Many fentanyl-related overdoses can be unintentional, Slusser says. “It’s odorless, colorless, tasteless. It can be mixed in and made to look like an aspirin.”
That’s why it’s important to seek out medical treatment immediately following the administration of naloxone, Crawford says. The effects of naloxone only last about two hours, he explains, and once it wears off, the body can potentially fall back into an overdose state.
“It’s really important to be under medical care to make sure the amount of opioid in the system is not going to cause another overdose. It’s not rare that we have to administer subsequent rounds of naloxone to people,” Crawford emphasizes.

Combating the Stigma
Despite evidence that the use of naloxone saves lives, there remains a social stigma, and some resistance, to its availability in the community.
“There are still just such different perceptions about it. That’s a big challenge for us to educate people,” Slusser says.

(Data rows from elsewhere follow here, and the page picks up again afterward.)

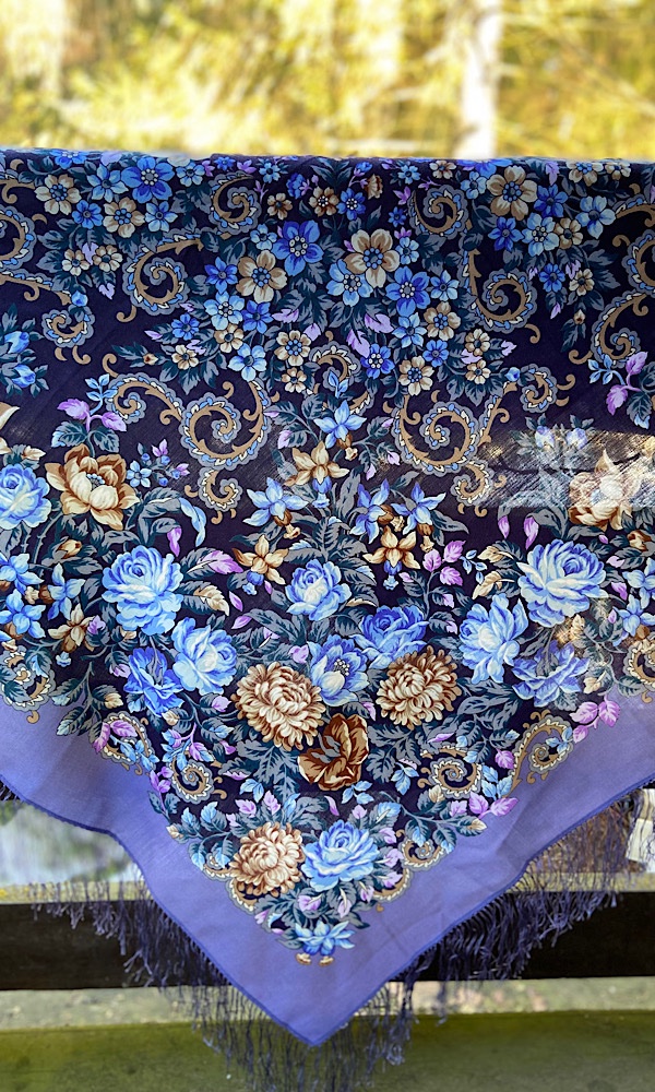 ЛенаС, как же я люблю этот платочек и как он Вам идёт! Очень верно про великолепие хризантем и светящийся голубой.
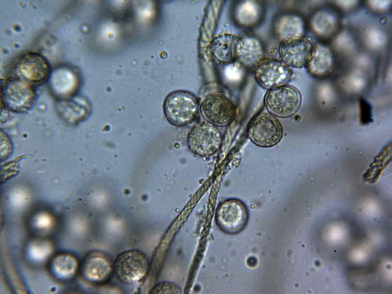 Este es ya el color que presentaban antes de pasarlos por el micro, con un pié surcado, aspecto gelatinoso y color mas blanquecino.
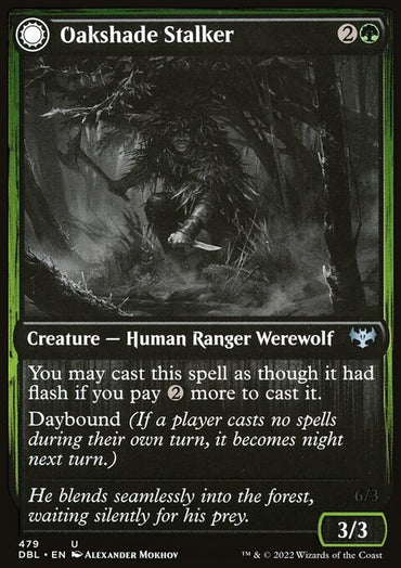 Oakshade Stalker // Moonlit Ambusher [Innistrad: Double Feature]Set: Innistrad: Double Feature Type: Creature — Human Ranger Werewolf Rarity: Uncommon ...
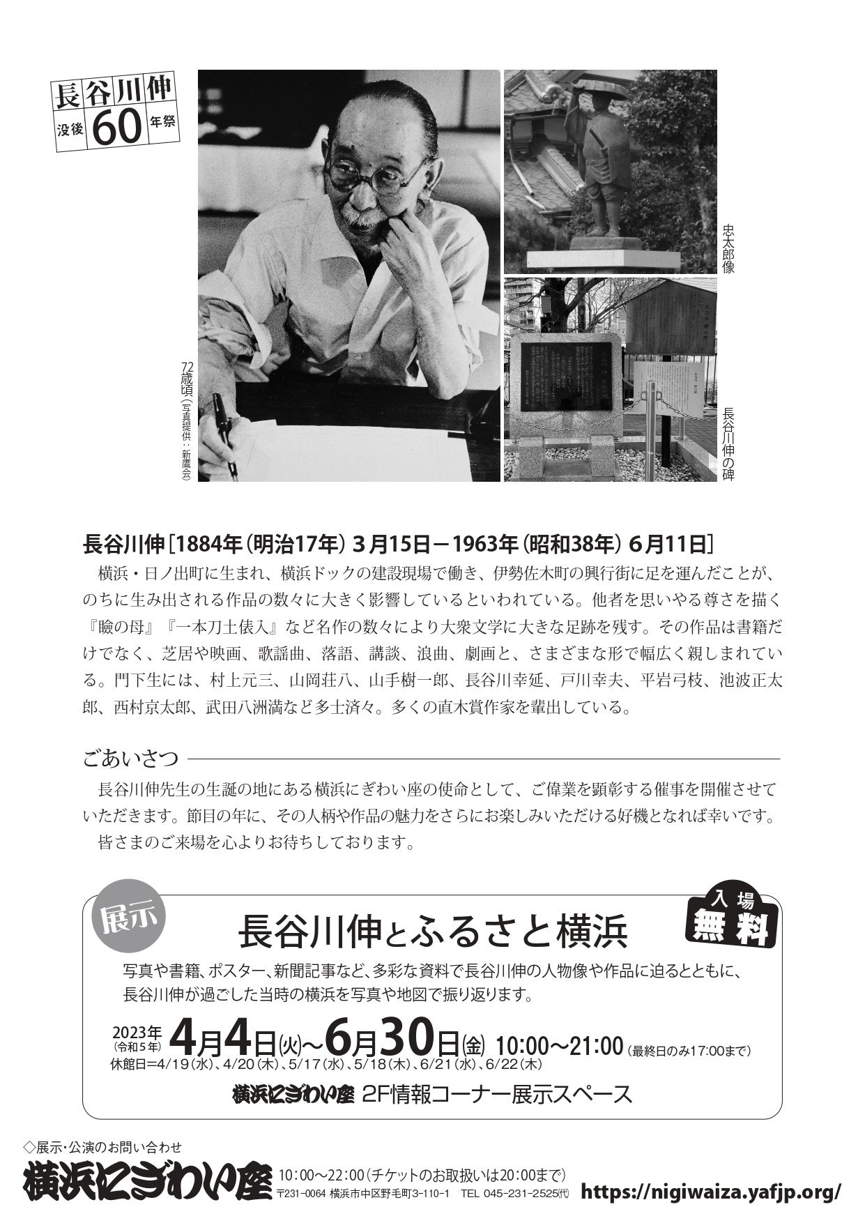 節目の年に、生誕の地にある横浜にぎわい座では、展示と公演の2本立てで長谷川伸の偉業をご紹介します。

A negative perception of the drug, according to Slusser, stems from the perception some people have that, if given naloxone, people struggling with addiction could continue to use drugs and overdose again.
But both Crawford and Moon counter that argument. “The only thing we’re enabling is that person to breathe if they have an overdose,” Crawford says. “Hopefully they're going to get to a point … where they want to engage in treatment.”
“Naloxone allows people to continue to a recovery journey,” he adds.
Moon is more pointed. “We need to keep our citizens alive. At the end of day we’re only there for one reason, and that’s to keep people from dying.”
Slusser explains that some people are afraid to use the drug because of possible ramifications of their involvement in the overdose. But, she adds, administering naloxone in the event of an emergency is covered by the Commonwealth’s ‘Good Samaritan’ law.
Title 42 of the Commonwealth’s consolidated statutes, commonly known as the ‘Good Samaritan’ law, states that “any person … whether or not trained to practice medicine, who in good faith renders emergency care … shall not be liable for any civil damages as a result of rendering such care.”
The OATF’s educational mission isn’t just about teaching people how to use naloxone. It’s also about breaking the stereotypes of who struggles with drug addiction. “People have a perception of who and what an addict looks like, but it could be your child, your grandparent,” Slusser says.
Not everyone knows someone who has died from an overdose, but it takes a community to overcome the problem of so many deaths by overdose. The OATF hopes people understand as much. It will continue its fight to educate the public, erase stigma and equip Adams County communities with the tools they need.